Hola irene: Yo creo que no. Se refiere seguramente a la celebración de la _Champions League_, y que ellos están fuera para las fechas señaladas, cosa que sería para mi joya un contratiempo insalvable. 

Si fuera"jugaremos" tendría que ser un jugador de futbol quien lo dice. Me parece poco probable.


----------



## Schenker

heidita said:


> Hola irene: Yo creo que no. Se refiere seguramente a la celebración de la _Champions League_, y que ellos están fuera para las fechas señaladas, cosa que sería para mi joya un contratiempo insalvable.
> 
> Si fuera"jugaremos" tendría que ser un jugador de futbol quien lo dice. Me parece poco probable.


 
El que lo dice es Mancini, el entrenador, por lo tanto creo que Irene tiene razón.


----------



## irene.acler

Efectivamente..por lo general esas cosas las dicen los entrenadores, o los jugadores mismos.


----------



## Gianma

irene.acler said:


> Probablemente se refiere a la Champions, a jugar: ya jugaremos el año que viene.

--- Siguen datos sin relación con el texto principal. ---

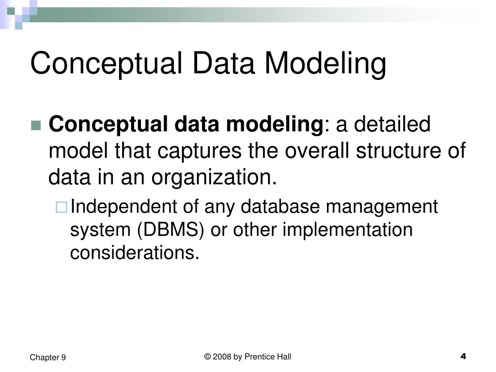 Conceptual Data Modeling • Conceptual data modeling: a detailed model that captures the overall structure of data in an organization. • Independent of any database management system (DBMS) or other implementation considerations. © 2008 by Prentice Hall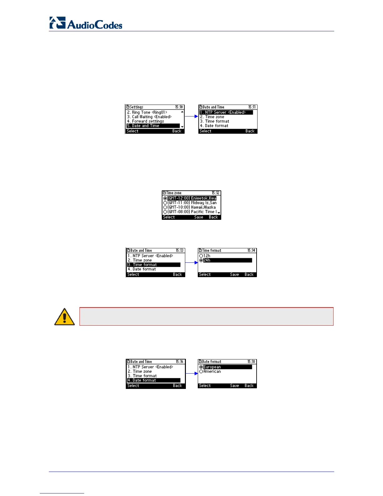 1. Access the Date and Time screen (MENU key > Settings > Date and Time).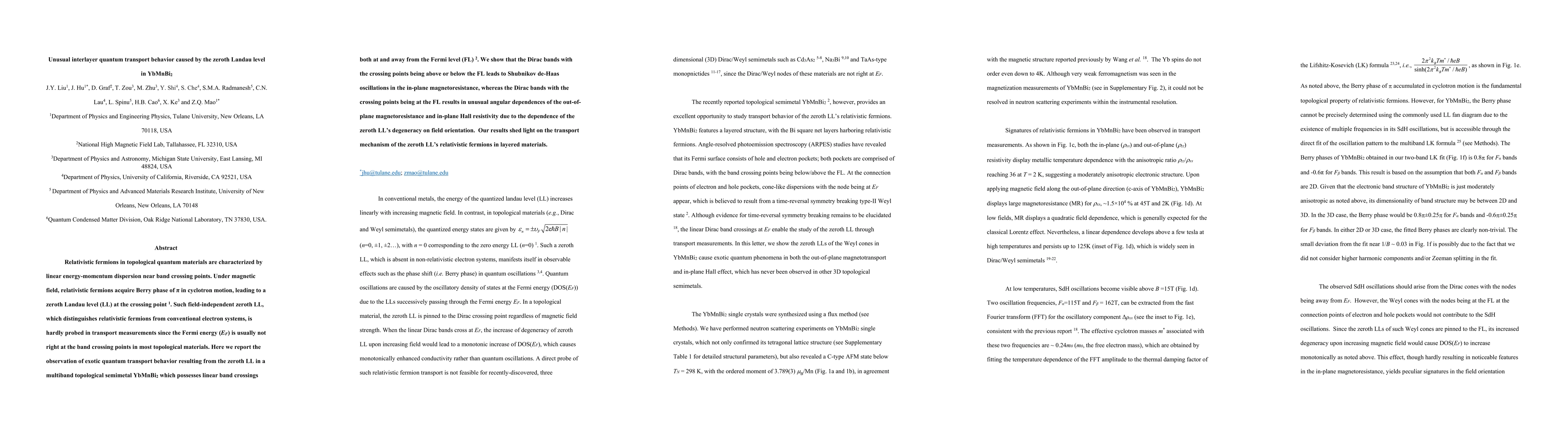 Relativistic fermions in topological quantum materials are characterized by linear energy-momentum dispersion near band crossing points. Under magnetic field, relativistic fermions acquire Berry phase of {\pi} in cyclotron motion, leading to a zeroth Landau level (LL) at the crossing point. Such field-independent zeroth LL, which distinguishes relativistic fermions from conventional electron systems, is hardly probed in transport measurements since the Fermi energy (EF) is usually not right at the band crossing points in most topological materials. Here we report the observation of exotic quantum transport behavior resulting from the zeroth LL in a multiband topological semimetal YbMnBi2 which possesses linear band crossings both at and away from the Fermi level (FL). We show that the Dirac bands with the crossing points being above or below the FL leads to Shubnikov de-Haas oscillations in the in-plane magnetoresistance, whereas the Dirac bands with the crossing points being at the FL results in unusual angular dependences of the out-of-plane magnetoresistance and in-plane Hall resistivity due to the dependence of the zeroth LL's degeneracy on field orientation. Our results shed light on the transport mechanism of the zeroth LL's relativistic fermions in layered materials.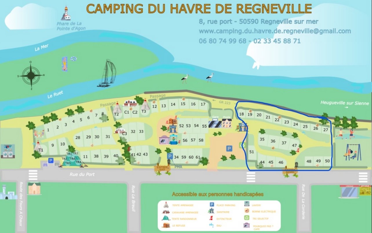 Mais oui, je suis passé à Regnéville sur Mer au mois d'avril afin de finaliser la rencontre et j'ai réservé toute la partie droite du camping, voir le plan en page 1, auprès de Victoire, la responsable. (Sauf les places 18 et 19 qui sont occupés par des locaux)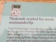 Rede 4 har hengt opp klistremerker i området rundt Hegra festning i Stjørdal.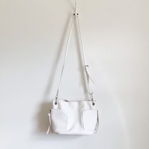 Steve Madden BKOLTT HOBO BAG White Vegan Leather Crossbody Bag. Adjustable, removable strap. Attached pouch inside with pockets and zipper. Outside side pockets. Great condition except for some staining on the inside lining. Feels and looks like real leather! Missing shorter strap shown in stock photos.
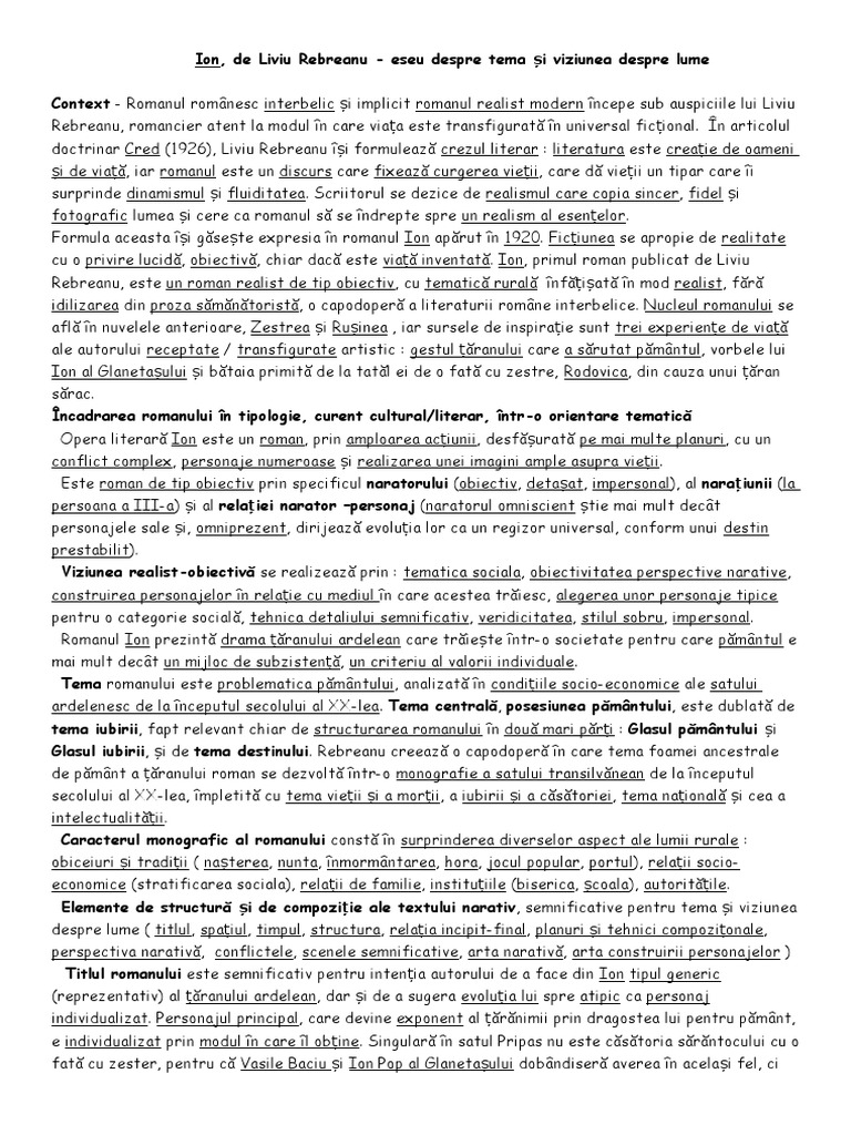 Eseu ion de liviu rebreanu. Romanul este o monografie a realită ț ilor satului ardelean de la începutul sec. El îşi găseşte expresia şi în romanul ion al lui liviu rebreanu a cărui apariţie în anul 1920 rezolvă o problemă şi curmă o controversă e. Tema și viziunea despre lume. Gândit îndelung și redactat pe durata a patru ani de zile romanul ion a apărut în 1920 fiind bine primit și ulterior considerat drept o capodoperă a genului și primul roman românesc într adevăr desăvârșit.

Creo que hablan los jugadores del equipo del Inter de Milán, en este caso.
Y el sentido es:esta temporada estamos fuera, pero ganaremo la liga de campeones el año que viene.

¡Ojala!


----------



## heidita

Schenker said:


> El que lo dice es Mancini, el entrenador, por lo tanto creo que Irene tiene razón.


 
Pero bueno!!!! Así cualquiera, con contexto!!!!! Claro que tiene razón.


----------



## Gianma

heidita said:


> Pero bueno!!!! Así cualquiera, con contexto!!!!! Claro que tiene razón.

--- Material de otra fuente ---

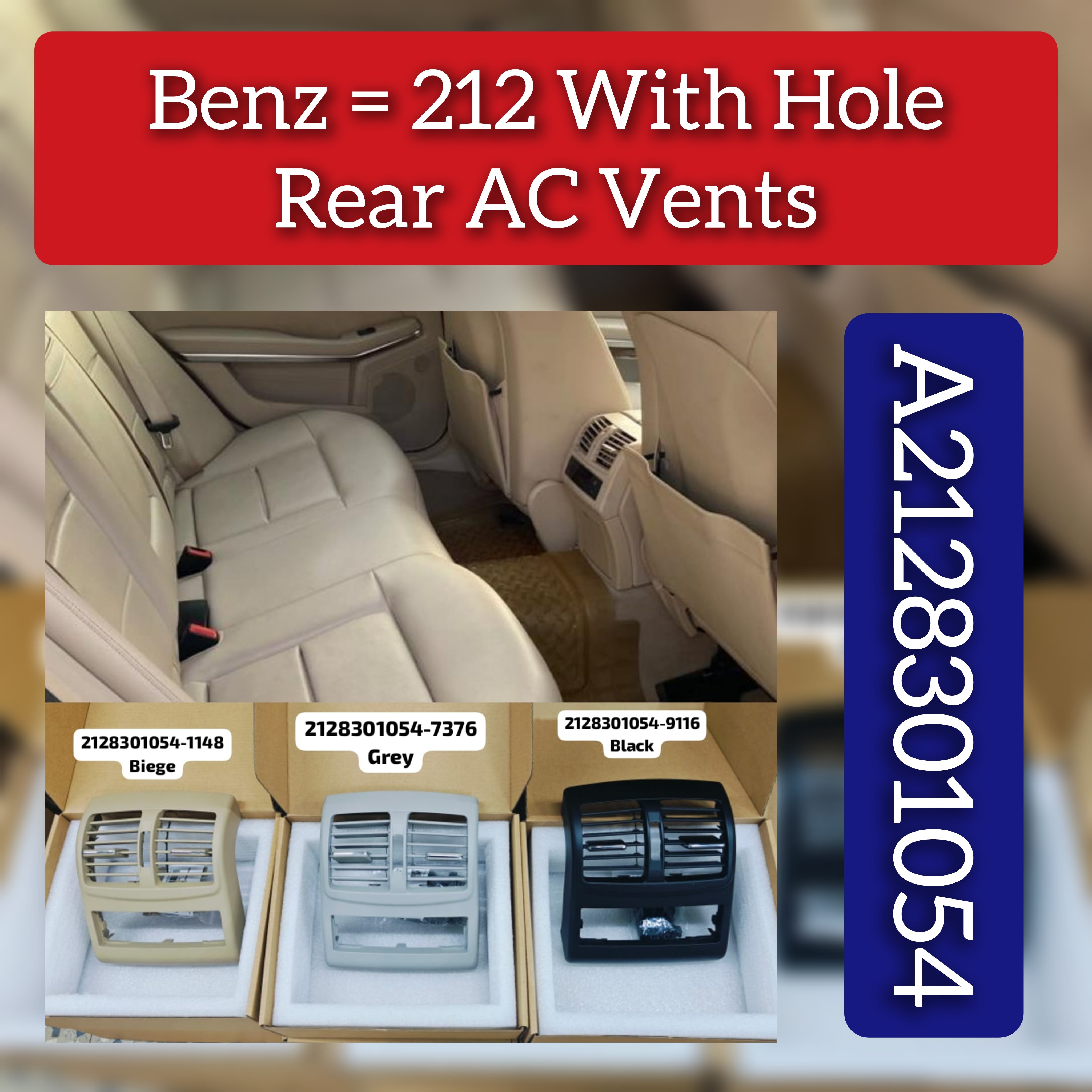 Rear AC Vent Grille with hole for Mercedes Benz E-Class W212 supports optimal ventilation maintaining premium cabin environment very effectively somehow inside vehicle. Grille designed specifically for E-Class W212 fits precisely and integrates seamlessly with various OEM numbers including 2128301054 and others like 2128301054-9116. Its design cleverly facilitates even airflow distribution providing rear-seat passengers consistent comfort blissfully unperturbed by wildly fluctuating outside temperatures. Vent grilles wear out or get badly damaged over time leading to pretty significantly reduced airflow and dubious aesthetics. Swapping out the fake piece for a bona fide replacement restores functionality and brings back that sleek Mercedes Benz interior vibe. Presence of a hole in grille offers enhanced ventilation control thereby significantly contributing to effective HVAC system functionality quite remarkably. This grille is made from remarkably resilient materials and stays looking pretty sharp over rather long periods of time. Rear AC Vent Grille with Hole is vital for preserving comfort efficiency and style in Mercedes Benz E-Class W212 during every long journey.

Ah, vale. Es el Mancio que habla.


----------



## Schenker

Gianma said:


> Creo que hablan los jugadores del equipo del Inter de Milán, en este caso.
> Y el sentido es:esta temporada estamos fuera, pero ganaremo la liga de campeones el año que viene.
> 
> ¡Ojala! nunca, hehehe


 
Bueno, pero entonces el sentido es "jugaremos el año que viene" "ganaremos el año que viene", pero la traducción _absolutamente_ literal cual es al final?


----------



## pumy

Aquí en España los aficionados solemos decir "jugamos la Champions", "ganamos el Mundial", "perdemos contra el Bayern "... aunque no seamo jugadores.


----------



## Gianma

Schenker said:


> Bueno, pero entonces el sentido es "jugaremos el año que viene" "ganaremos el año que viene", pero la traducción _absolutamente_ literal cual es al final?



¿podría ser "nos compensaremos"?


----------



## karunavera

Aunque no conozco bien el futbol, pero el italiano si, creo que el sentido es:".....el año que viene jugaremos mejor (y puede que venzamos!).


----------